While this is a massive collection of extremely mellow and otherwise ambient prog, it's not dulled by repetitive filler, or cynical plagiarisms. Yes, the Wall influence is there but presented in a completely personal package that is most alluring. Ideal for background music after a hard day's night, quite romantic in an afterglow-like sense, this is a phenomenal progressive work that is doomed to little accessibility for the mainstream and even the progressive rock community. That would be a massive pity! After all, Cosmos Dream shows us how to reach infinity!

5 visual universes

Review by Windhawk
SPECIAL COLLABORATOR Honorary Collaborator
4 stars French project COSMOS DREAM is the creative vehicle of Charles Roman. The official start of his endeavors as Cosmos Dream commenced in 2008, and later the same year he released his first album under this name, "Hope of Dream". Four years later he signed to the French label Musea Records for the release of the sophomore production "How to Reach Infinity", which was issued through Musea's Parallele imprint.

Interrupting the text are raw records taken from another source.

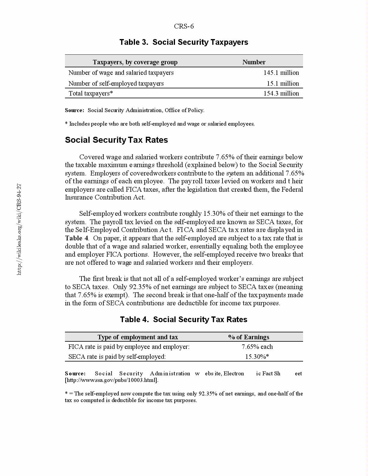 Table 3. Social Security Taxpayers....................................6
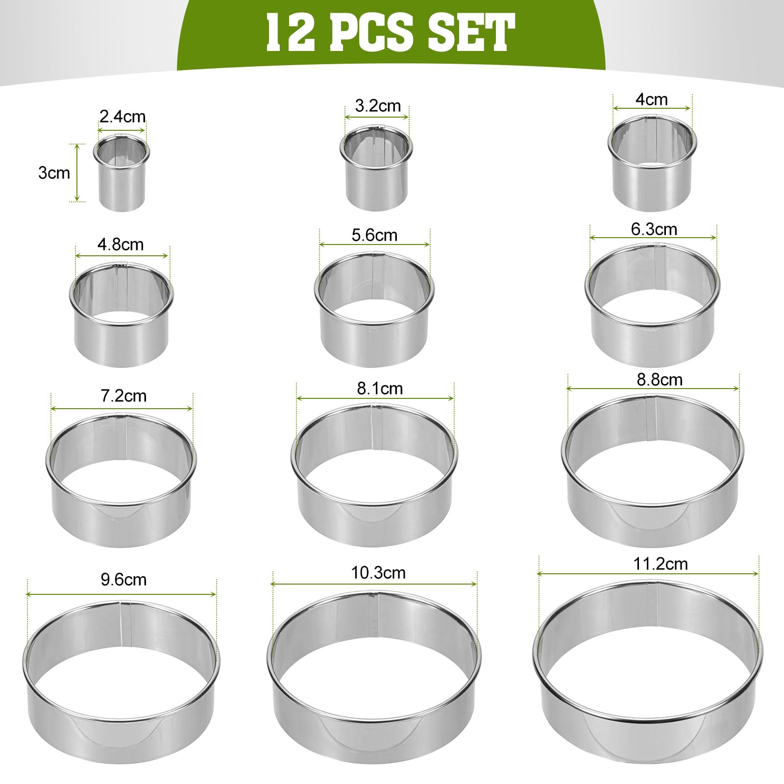 Dieses umfangreiche Ausstechformen-Set bietet Ihnen eine breite Palette an Groessen, die keine Wuensche offenlassen. Sie erhalten ein komplettes 12-teiliges Set, das optimal aufeinander abgestimmt ist. Waegrend die Hoehe der Ausstecher immer gleich ist, variieren die Breiten, um Ihnen maximale Flexibilitaet bei Ihren Backprojekten zu ermoeglichen. Es gibt keine einzelnen Varianten zur Auswahl, sondern das komplette, perfekt zusammengestellte Set.
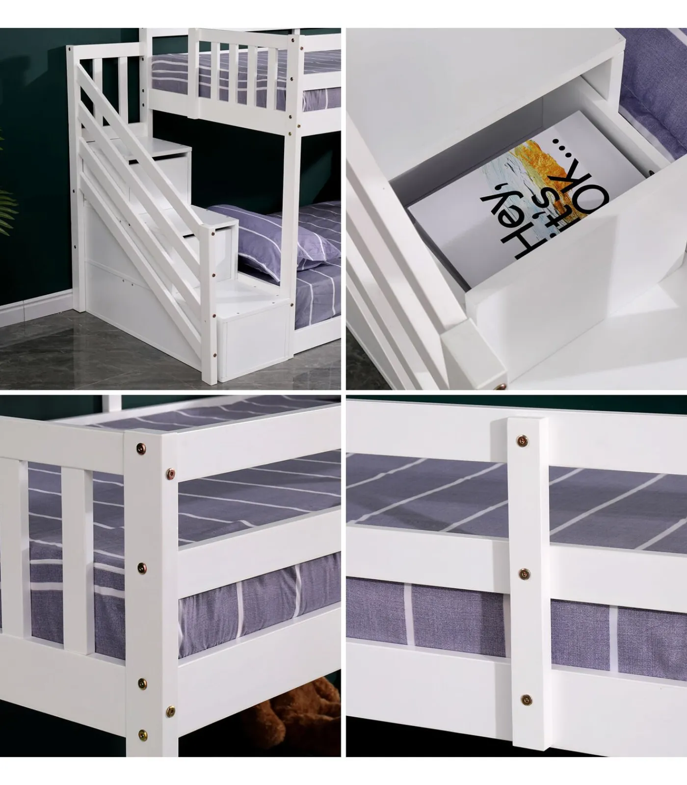 Creëer een slim slaapgedeelte dat de inrichting van uw kinderkamer optimaliseert met Happy Garden. Het witte CELESTINE kinderbed heeft standaard afmetingen van 190 x 90 cm en biedt plaats aan twee jonge kinderen in dezelfde kamer. Comfortabel en veilig, het bevordert een zachte slaap terwijl het ruimte bespaart. Om in het bovenste bed te komen, kan het kind veilig de trap opklimmen die voorzien is van een leuning. Het heeft ook twee ladebakjes voor extra opbergruimte voor kleding of speelgoed. Dit stapelbed met 2 bedden is dus het ideale meubelstuk om de slaapkamer van uw kleintjes gemakkelijk in te richten en hen een goede nachtrust te garanderen.
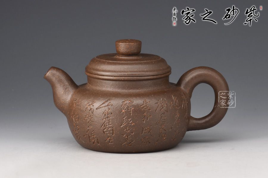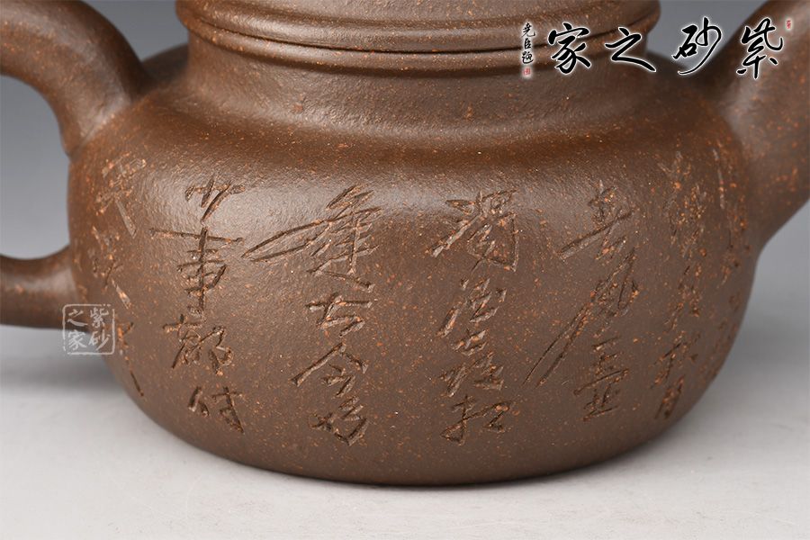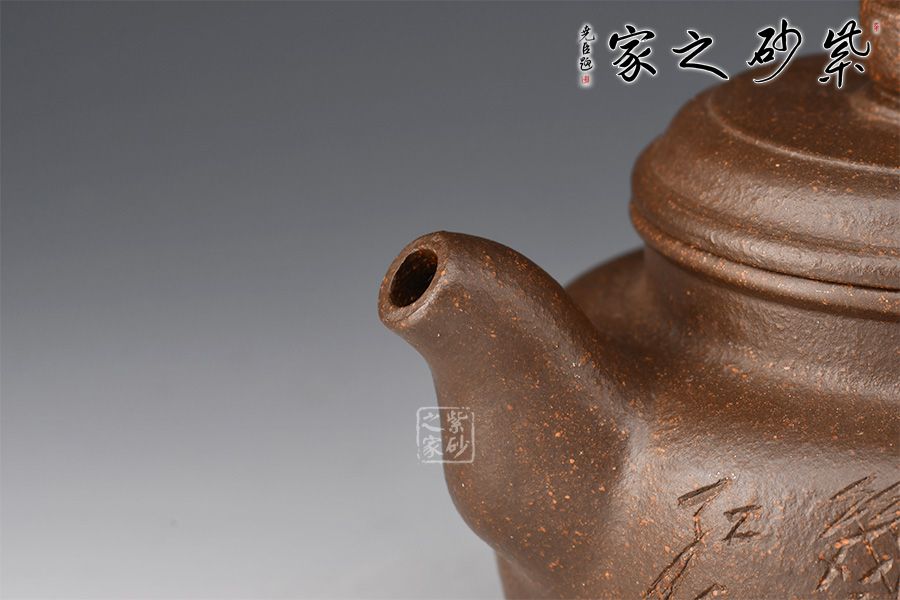 短短的圓柱形壺鈕,與壺身一致。壺蓋微微鼓起來,子母線咬合緊致,壺肩略微平整, 彎嘴挺出,出水爽利,同時圈把闊大,拿捏方便。許雙軍孤品刻繪,收藏力薦!
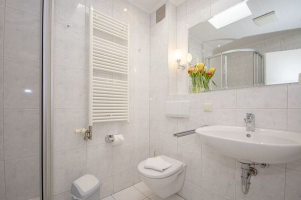 Das Badezimmer verfügt über eine Dusche, WC und einen Waschtisch mit großen Spiegel.

Charles Roman's Cosmos Dream project is one that should appeal to a fairly broad audience. The main influence for the majority of this double album appears to be later day Pink Floyd, and in this case a take on that sound revolving around a more ambient and cinematic based exploration of it, and combining that with ambient cosmic music and revolving the final third or so around that latter style a choice that will earn him some fans I assume. A production to be recommended to those who enjoy late Pink Floyd just as much as they enjoy artists like Vangelis.

Review by Warthur
2 stars Eh, I dunno guys. Opening your album with an ironic quote from George W. Bush is kind of a mid-2000s thing to do, especially when you chop up the speech to make him say something silly or monstrous. (Few people have been able to pull this prank off with the success of Chris Morris, and Charles "Cosmos Dream" Roman doesn't come close.) And musically speaking, I'm not hearing too much that I haven't heard before here. This sprawling double album does at least deliver in terms of quantity, though I have my concerns about the project's quality control, and it would honestly be much tighter if half the material were trimmed and the remainder were given some serious polishing.